Ad-eIF5A-shRNA transduction provided the most effective means to deplete eIF5A, with nearly 100% infection of HeLa cells. However, due to the long half-life of eIF5A, it took nearly 72 hours to deplete eIF5A below 10% of the control level and the proteomic changes appeared to be delayed. Inhibition of growth was also delayed, starting around 48 h of eIF5A shRNA treatment, when eIF5A is reduced to 25% of normal level. This finding is consistent with the notion that eIF5A is a stable protein that exists in large excess over the minimum level required for normal growth in mammalian cells. Furthermore, eIF5A is not a general translation factor, but appears to regulate the translation of only a subset of mRNAs18,38. In view of these features of eIF5A and the long average half-life (20 h) of HeLa cell proteins39, it is not surprising that a relatively small number of proteins were significantly altered in level (protein ratio ≥1.5 or ≤0.66, p-value < 0.05) at 72 h. However, proteome changes were markedly enhanced at 96 h of eIF5A shRNA treatment. Although maximum variance in iTRAQ data was observed at 120 h of adenoviral transduction, we did not include this data for further analyses, because of potential secondary effects associated with prolonged depletion of eIF5A. In this regard, it is not possible to segregate the primary effects of eIF5A depletion from indirect secondary effects, as depletion of eIF5A takes a long time and is accompanied by inhibition of cellular growth. Furthermore, the cellular proteome can be altered by changes not only in synthesis rate of individual proteins, but also by changes in their turnover rates.

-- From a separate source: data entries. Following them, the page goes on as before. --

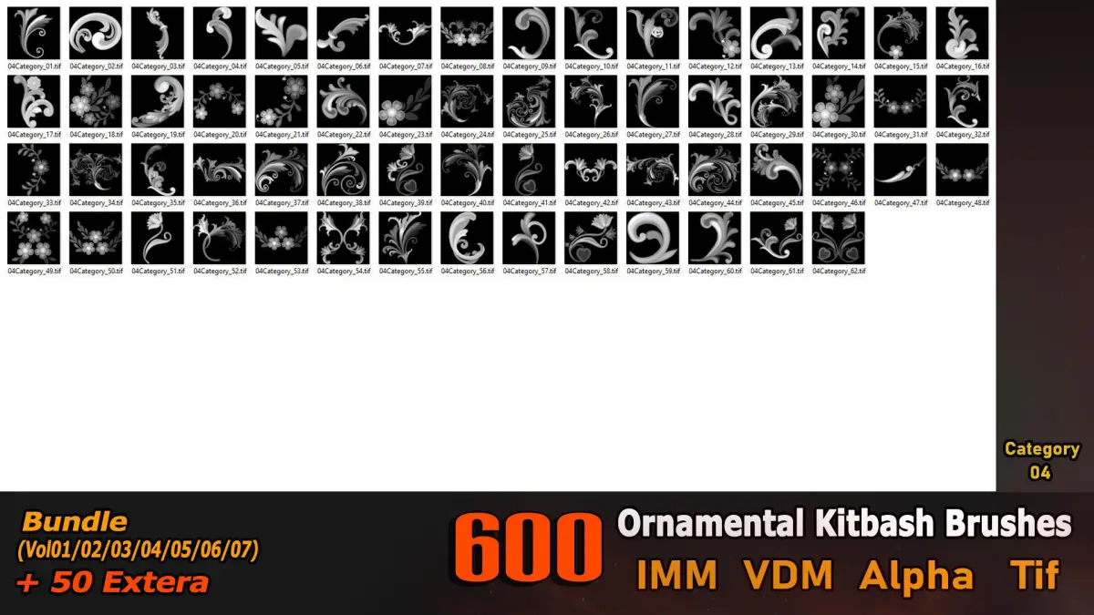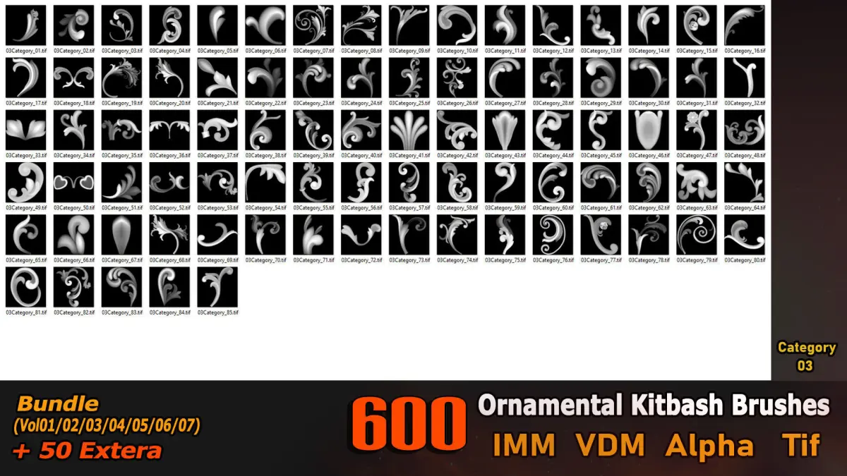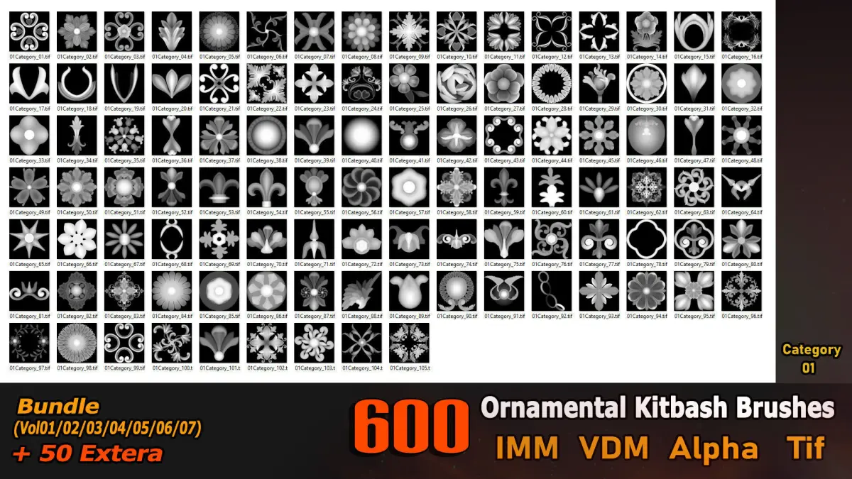 This product contains 600 ornamental Kitbash brushes with high quality and details (7 different categories) and can be used in all software.
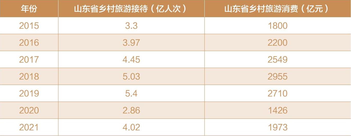2015年全省乡村旅游接待3.3亿人次、实现旅游消费1800亿元;2019年全省乡村旅游接待5.4亿人次,增长63.6%,实现旅游消费2710亿元,增长50.6%。受新冠肺炎疫情影响,2020年乡村旅游接待2.86亿人次,实现旅游消费1426亿元。2021年,全省接待乡村旅游游客4.02亿人次,同比增长40.8%,实现乡村旅游消费总额1973亿元,同比增长38.3%(见表2-10)。还培育了一批乡村旅游集群片区、精品旅游小镇、乡村旅游示范园区;拥有全国乡村旅游重点镇3个、全国乡村旅游重点村7个,山东省乡村旅游重点村60个、景区化村庄285个。
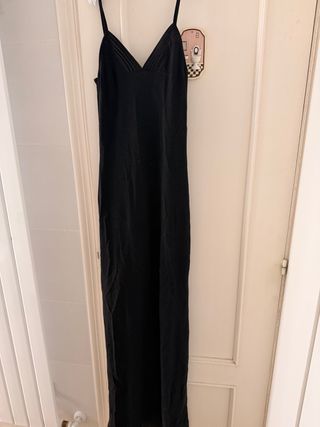 Elegante vestido largo con un diseño de espalda abierta. - Tirantes finos. - Escote en pico con pliegues. - Corte recto y largo hasta los tobillos. La talla equivale a una s aunque ponen G

The ontology classification and functional interaction networks revealed over-representation of proteins (significantly altered in levels upon eIF5A depletion) in the ‘protein folding’ and ‘response to unfolded proteins’ categories, as two major associated biological processes. Accumulation of unfolded or misfolded proteins in the lumen of the ER leads to the activation of UPR that plays a critical role in restoring homeostasis40. In case of canonical UPR, the cells respond to ER stress by three pathways: i) halting protein translation, ii) proteasomal degradation of misfolded proteins and iii) activation of the signaling pathways that lead to increase the production of molecular chaperones involved in protein folding. If the above objectives are not met within a certain time span, cells may undergo apoptosis. In the eIF5A-depleted cells, increased level of the chaperone proteins persisted up to 120 h of Ad-eIF5A-shRNA transduction (data not shown). p50-ATF6 was highly up-regulated at all time points and this probably led to the increased levels of general chaperones such as HSPE1, HSPD1/Hsp60, HSPA8, HSPA1A/Hsp70 and ER specific chaperones like HSPA5/Bip (Grp78), HSP90B1, Calreticulin, Calnexin, HSP90B1(Grp94) that were observed in iTRAQ data and validated by western blotting. We also observed an increase in phos-IRE1-α at 24–72 h of Ad-eIF5A-shRNA transduction, without a notable increase in IRE1- α or PERK. In this regard, eIF5A depletion-induced UPR seems to be somewhat different from canonical UPR.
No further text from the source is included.